I capped the tickets at 25, and I had a total of eight girls show up. Most were friends, which I'm so grateful for. I was also proud that I got out of my comfort zone and took a chance at something I've wanted to do for a long time.
I had journal prompts for those who needed a little push and cute rose-gold pens with my website on them. After introductions and instructions, we mingled, ate, drank our coffees and teas, and journaled together.
What I Learned
Because it was my first event, I had low expectations, and I think that's best when planning something like this. The atmosphere seemed very encouraging, and everyone seemed to enjoy the space. However, I think we all could agree it was a little noisy at times, so it was hard to hear each other.

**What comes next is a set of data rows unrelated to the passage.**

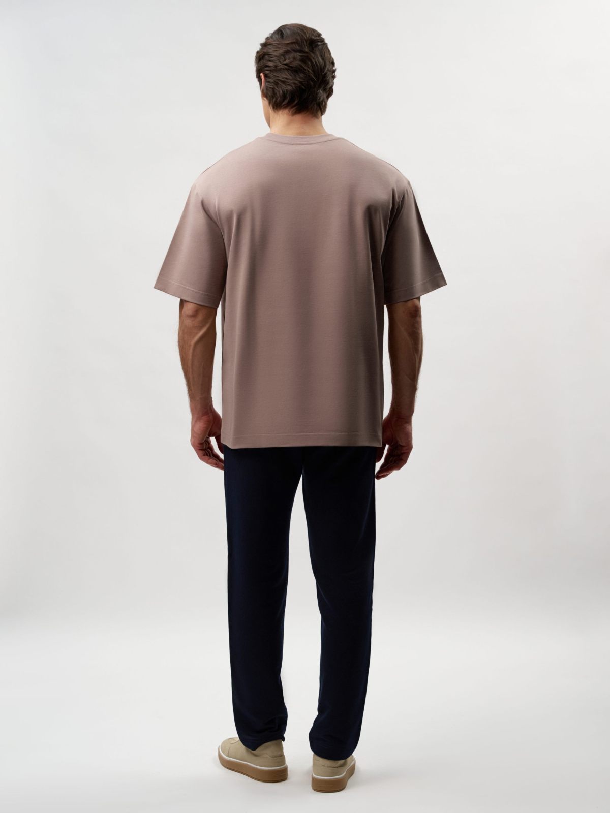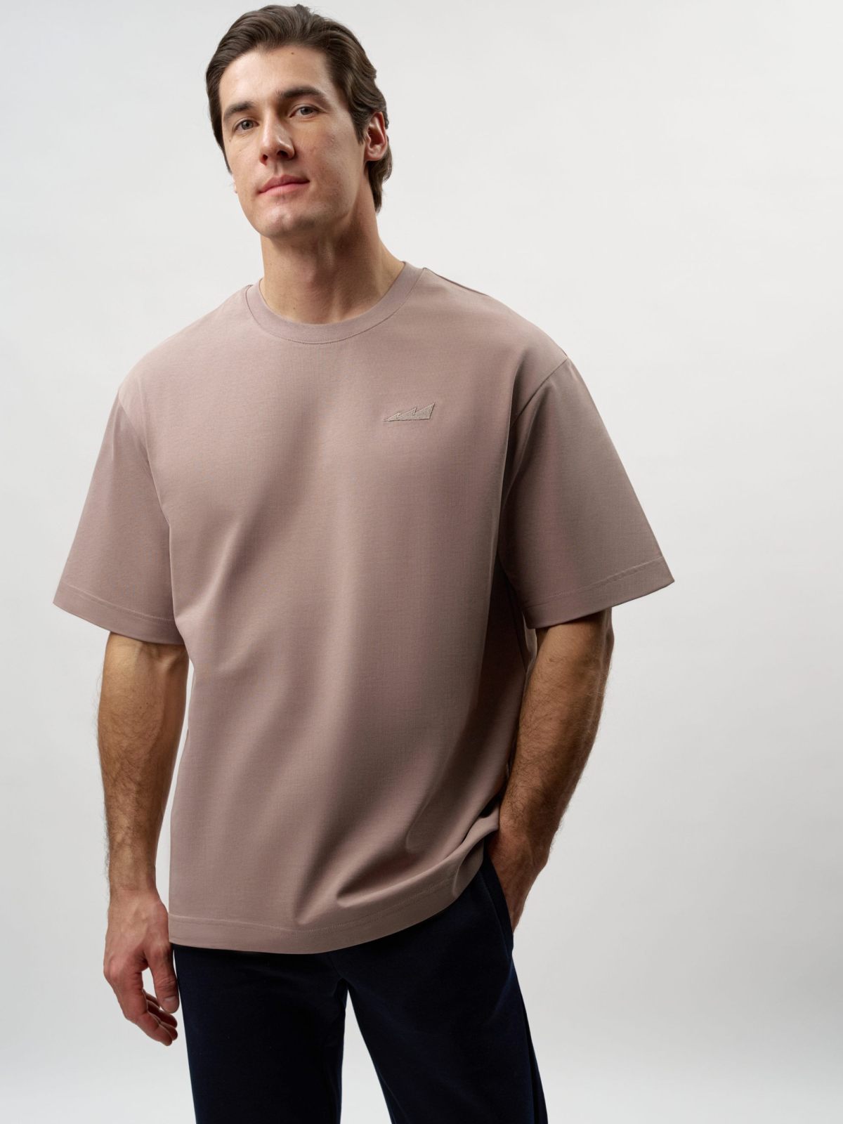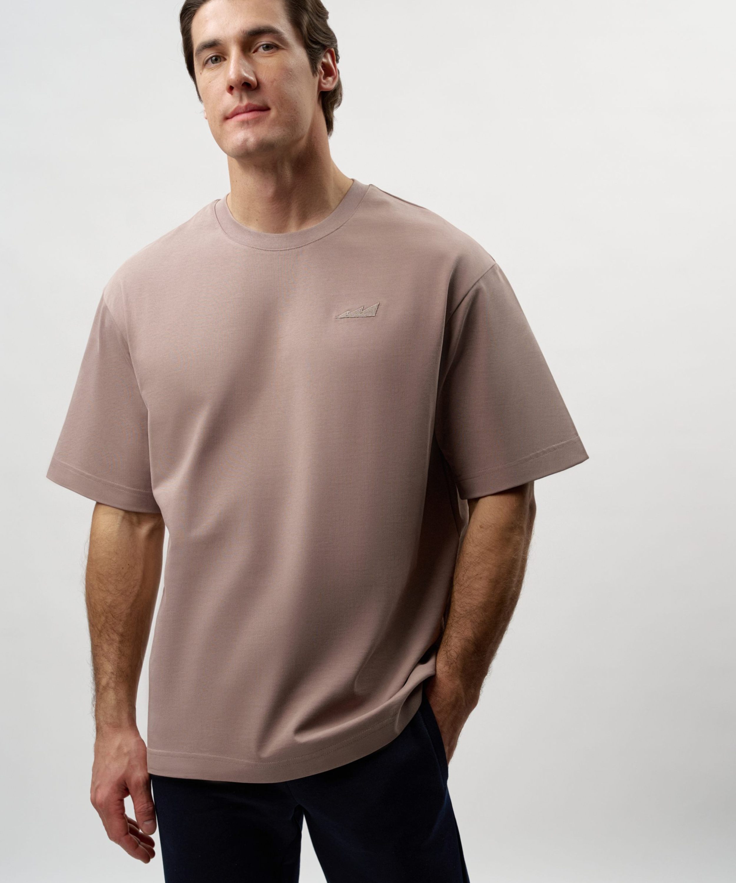 Мужская футболка oversize силуэта. Сделана из плотного хлопка, который держит форму и обеспечивает отличную посадку. У футболки прямой крой, спущенная линия плеча, широкие рукава и тональный логотип-вышивка на передней части изделия слева. Базовая вещь, которая дополнит ваш гардероб и будет прекрасно сочетаться как со спортивной одеждой, так и с классикой, джинсами и другими предметами гардероба.
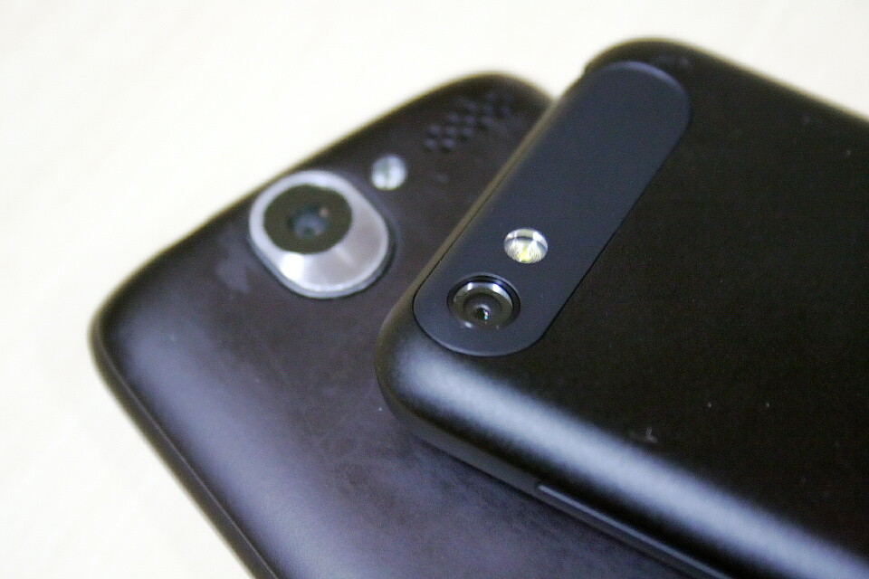背面のカメラ部分。手前がHTC One Vで奥がX06HT
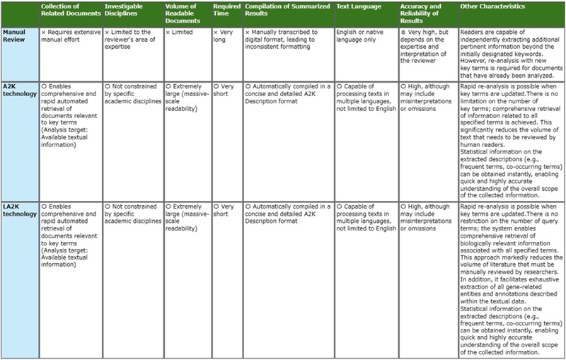 The table below shows a comparison between manual reviews and A2K/LA2K technologies.
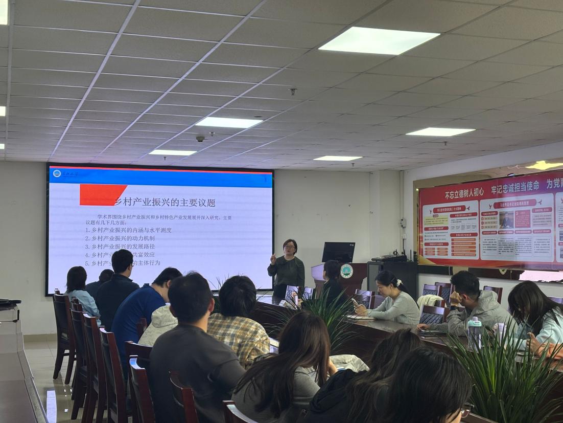 首场报告中,熊芳副教授以“乡村产业振兴的主要议题与选题思考”为题,系统解读政策背景,提炼出乡村产业振兴的五大核心议题:内涵测度、动力机制、发展路径、共富效应及主体行为。她结合实证研究方法,提出“数字技术赋能产业升级”“新型经营主体培育”等四个前沿选题方向,并强调“选题需立足国家战略需求,扎根田野调查”,为青年学者指明科研方向。
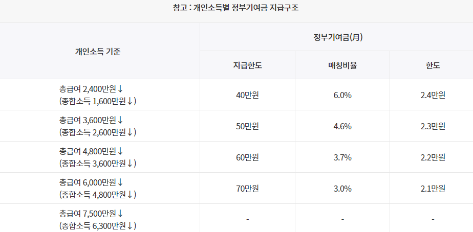 청년도약계좌 개인소득별 정부기여금 지급구조
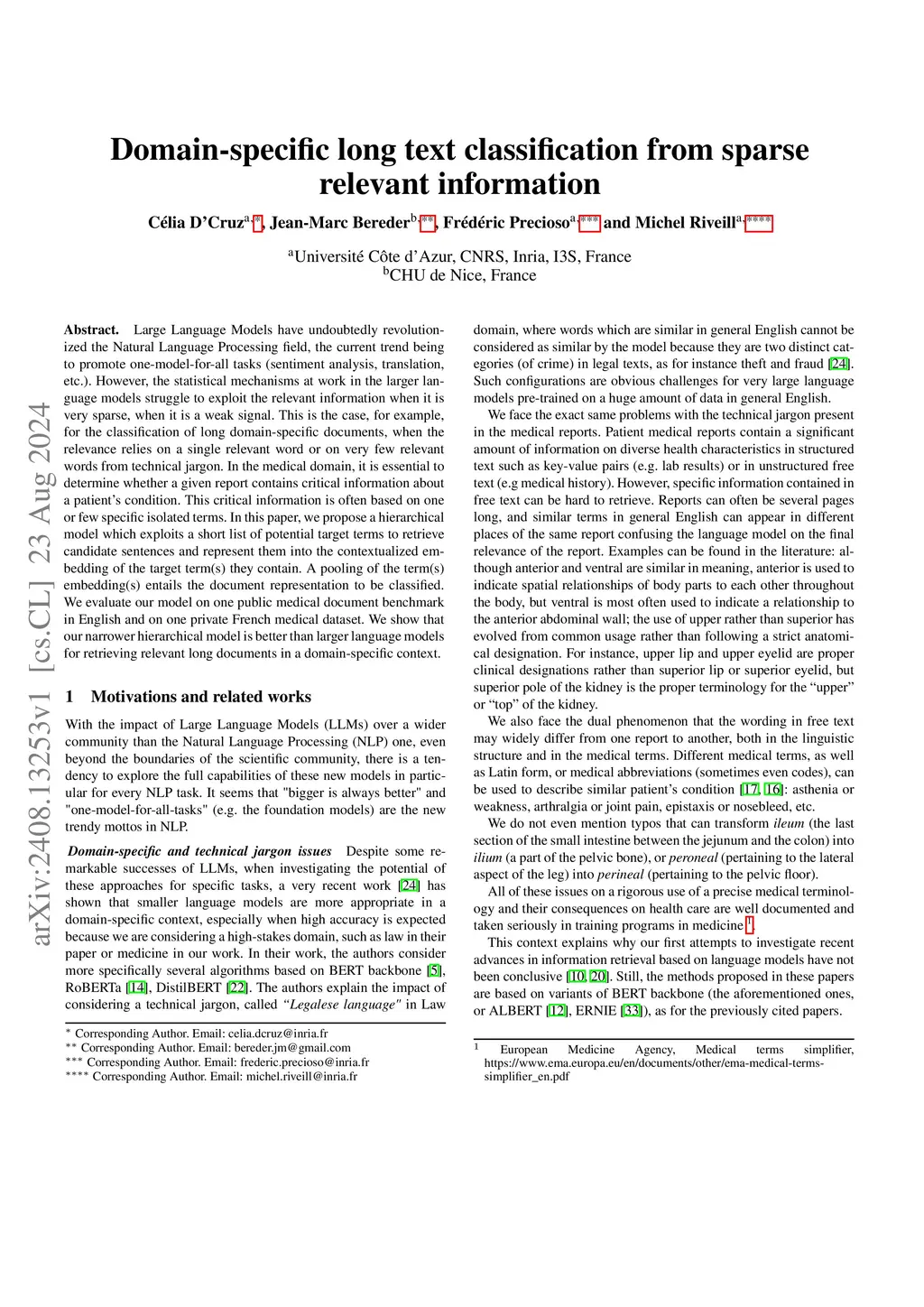 Large Language Models have undoubtedly revolutionized the Natural Language Processing field, the current trend being to promote one-model-for-all tasks (sentiment analysis, translation, etc.). However, the statistical mechanisms at work in the larger language models struggle to exploit the relevant information when it is very sparse, when it is a weak signal. This is the case, for example, for the classification of long domain-specific documents, when the relevance relies on a single relevant word or on very few relevant words from technical jargon. In the medical domain, it is essential to determine whether a given report contains critical information about a patient's condition. This critical information is often based on one or few specific isolated terms. In this paper, we propose a hierarchical model which exploits a short list of potential target terms to retrieve candidate sentences and represent them into the contextualized embedding of the target term(s) they contain. A pooling of the term(s) embedding(s) entails the document representation to be classified. We evaluate our model on one public medical document benchmark in English and on one private French medical dataset. We show that our narrower hierarchical model is better than larger language models for retrieving relevant long documents in a domain-specific context.
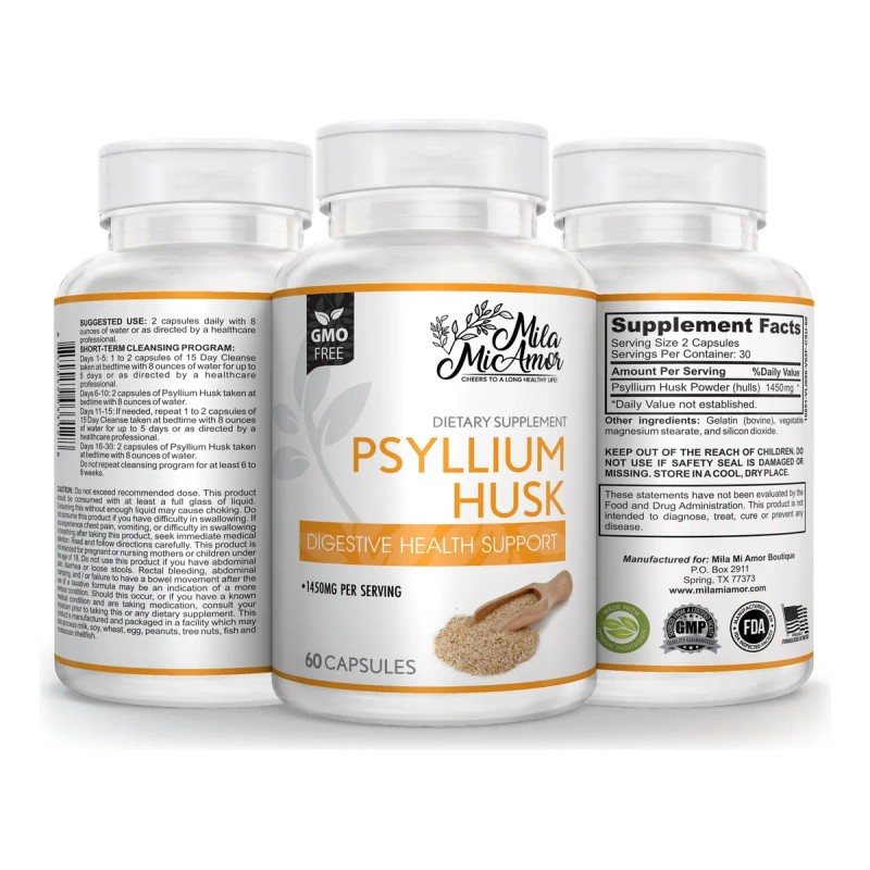 🌿 Milamiamor Cáscara de Psyllium – 60 Cápsulas SFN | Apoyo Natural para la Salud Intestinal y Digestiva 💩💚
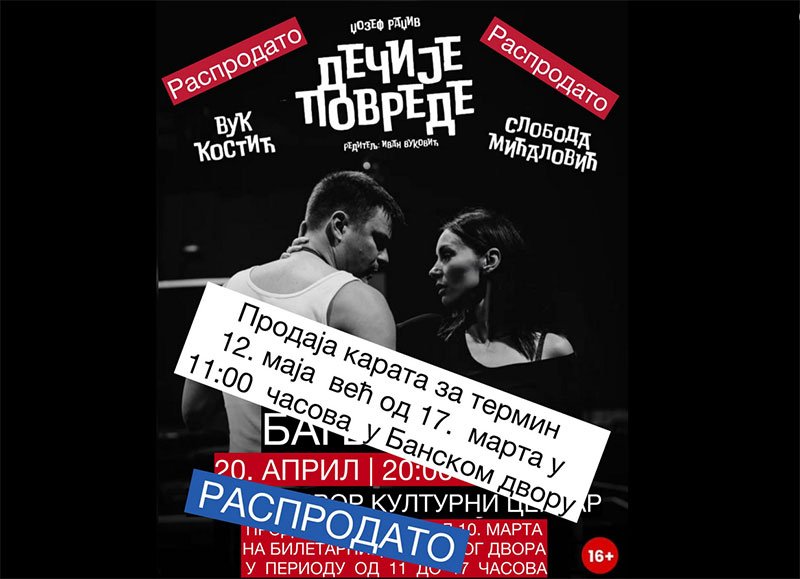 -Zadovoljstvo nam je što vlada ogromno interesovanje za predstavu „Dečije povrede“ i što publika želi ponovo da vidi naše prijatelje Slobodu Mićalović i Vuka Kostića u Banjaluci. Danas su sve karte rasprodate za pola sata i zbog mnogih ljudi koji su bili razočarani jer nisu uspjeli da kupe ulaznicu otvorili smo novi termin 12. maja. Prodaja ulaznica biće 17.marta i to od 11 do 17 časova, rekao je Aleksandar Pejaković, reditelj Studentskog pozorišta.
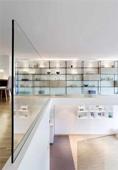 餐廳旁邊的梯子是通往二層空間的,以原木質(zhì)感的樓梯,顯得很高檔,而選擇玻璃護(hù)欄的搭配,更是顯得通透大方;
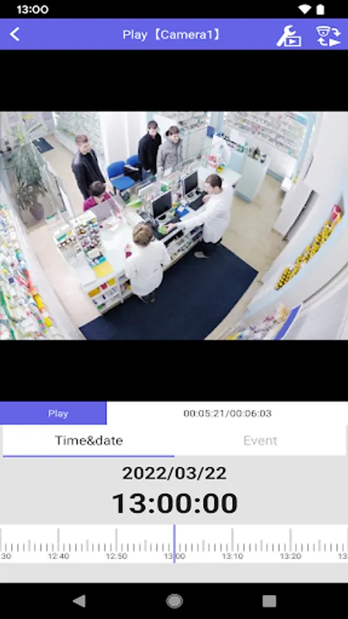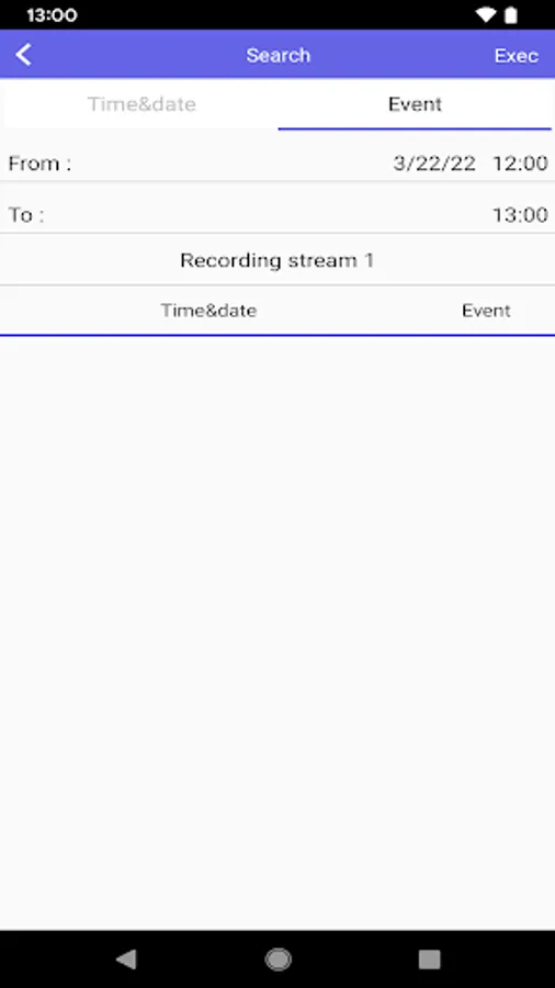 recorded in a recorder (recorder recording). Search recorded video by date, time or event and play.(The event search is available only at the time of SD recording playback.)
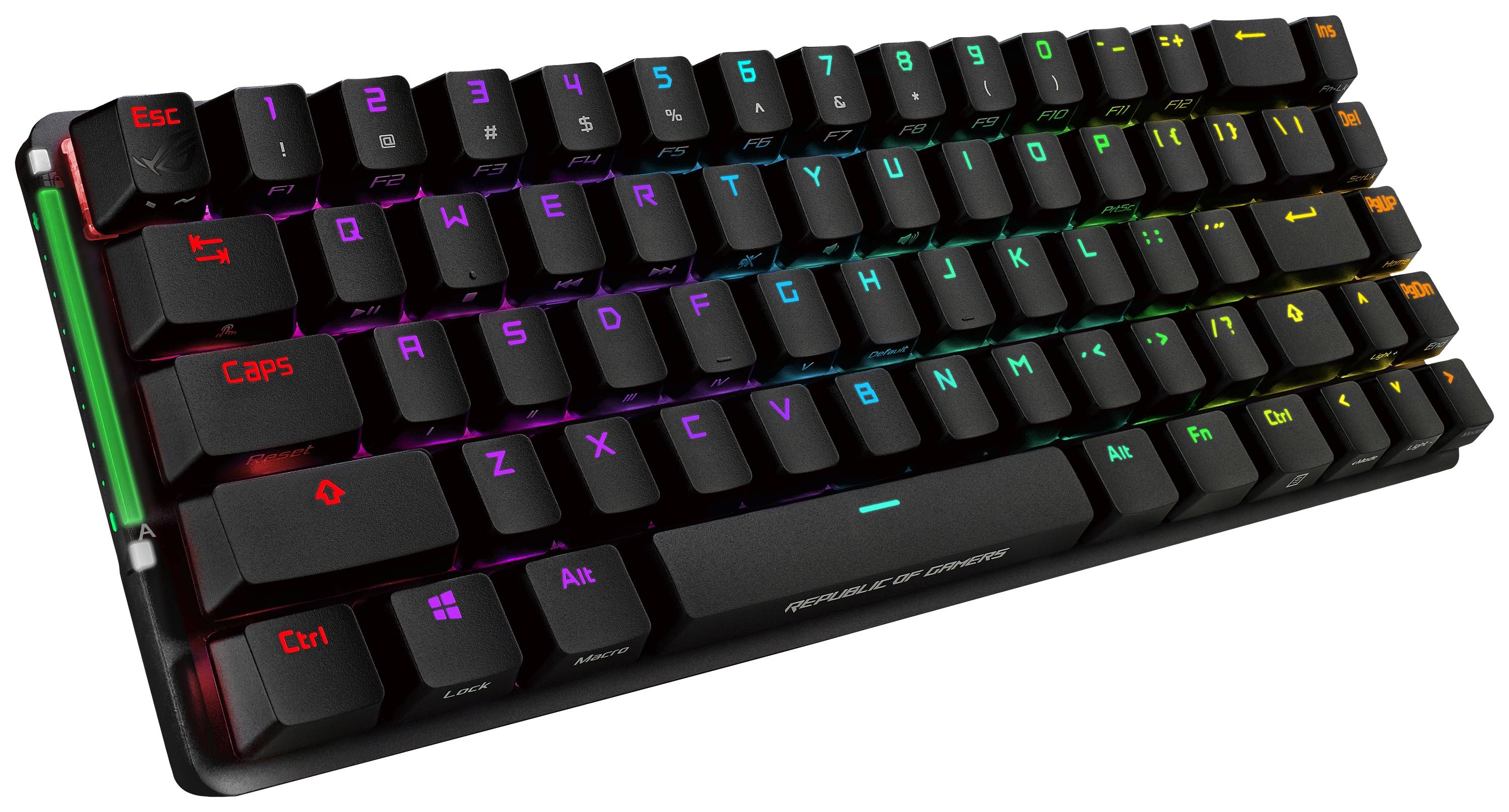 Kompaktes 68-Tasten-Layout mit clever integrierten Pfeil- und Navigationstasten Interaktives Touchpanel zum einfachen Konfigurieren von persönlichen Einstellungen und Tastenbelegungen Gaming-Qualität mit 1ms bei 2,4GHz RF und bis zu 400 Stunden Akkulaufzeit* für eine zuverlässige, ausdauernde Performance (*ohne RGB-Beleuchtung) Ein innovatives Tastaturcover bietet Schutz für unterwegs Die erste kabellose ROG-Tastatur mit individueller RGB-Beleuchtung für jede Taste und Aura-Sync-Technologie In Deutschland hergestellte, mechanische Cherry-MX-RGB-Switches für präzise Eingaben mit taktilem Feedback
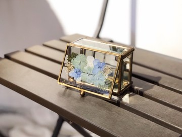押花手寫字句首飾盒/飾物盒子/珠寶盒/生日禮物/婚禮禮物/復古色系-----------------------------------------------------------------【關於這件作品】* 盒子尺寸:6 x 7 x 10cm,字句長度限3-4CM(一般7到8個英文單詞)也可分開兩行寫哦* 所有的字句或單詞為設計師人手寫的,如有特別要求(如加笑臉、愛心或星星等)歡迎跟設計師溝通哦~ * 字句以中文字和英文字為主,日文跟簡單的韓文也可以* 設計館內的商品都是需要訂做的,沒有現貨* 製作期需時10-20工作天,寄送時間一般5到10個郵政局工作天,建議先向計師查詢喔* 關於花朵的設計和文字請跟設計師聯繫* 設計的花朵樣式和色系都可以選擇喜歡的,歡迎互相討論* 花朵都是獨一無二,即使是同一款式也做不到一模一樣的哦,歡迎訂製專屬你的盒子* 所有商品均是人手製作,或許會有手作製作痕跡或不完美(如氣泡;花的顏色等)不能接受或完美主義者請先向計師查詢* 關於色差: 花材由鮮花立體乾燥完成,不同批次的鮮花或會有色差; 另外不同手機或電腦顯示器顯示出的顏色也會有分別;如不能接受或對色差有疑問歡迎先向我們查詢:)。世界上沒有一個相同的人,每個人也是獨一無二,花朵也是,她們每一朵的形態也有不一樣的美,希望能夠找到懂得欣賞她們美態的知音者。希望能為你的生活中帶來一點美好。 -----------------------------------------------------------------* 歡迎互相討論/品牌合作訂製【訂造/客製流程】1:將商品放進購物車,填寫個人資料2:結帳時,於〈備註欄〉仔細寫上想要客製的文字和想要客製的款式(例如花的顏色搭配,花的種類或設計)。如沒有於備註欄留言款式將會以下單圖片款式製作。* 因為花朵會有不同花期,照片上的花朵未必全部都有哦,歡迎向設計師查詢當季有的花兒哦3 : 收到訂單後在 7 天內以站內訊確認客製細節。 -----------------------------------------------------------------【材料】自製壓花,玻璃盒子

I hope to make this a monthly event, so having it in a quieter space or a restaurant with a private room would be ideal. I also would like to include more activities in the meet-ups to help build more community with each other. (I'm still collecting surveys, so more feedback is pending.)
The older I get, the more I believe in timing. I realized I had to go through certain transformations to become the person I am today to even create a brand like The Self-Care Writer. By showing up for myself through tools like journaling, I, in turn, can better show up for others.
While this is just the beginning, I am excited for what's to come. Who knows? I may even write a follow-up story about what else I've conquered since my first meet-up.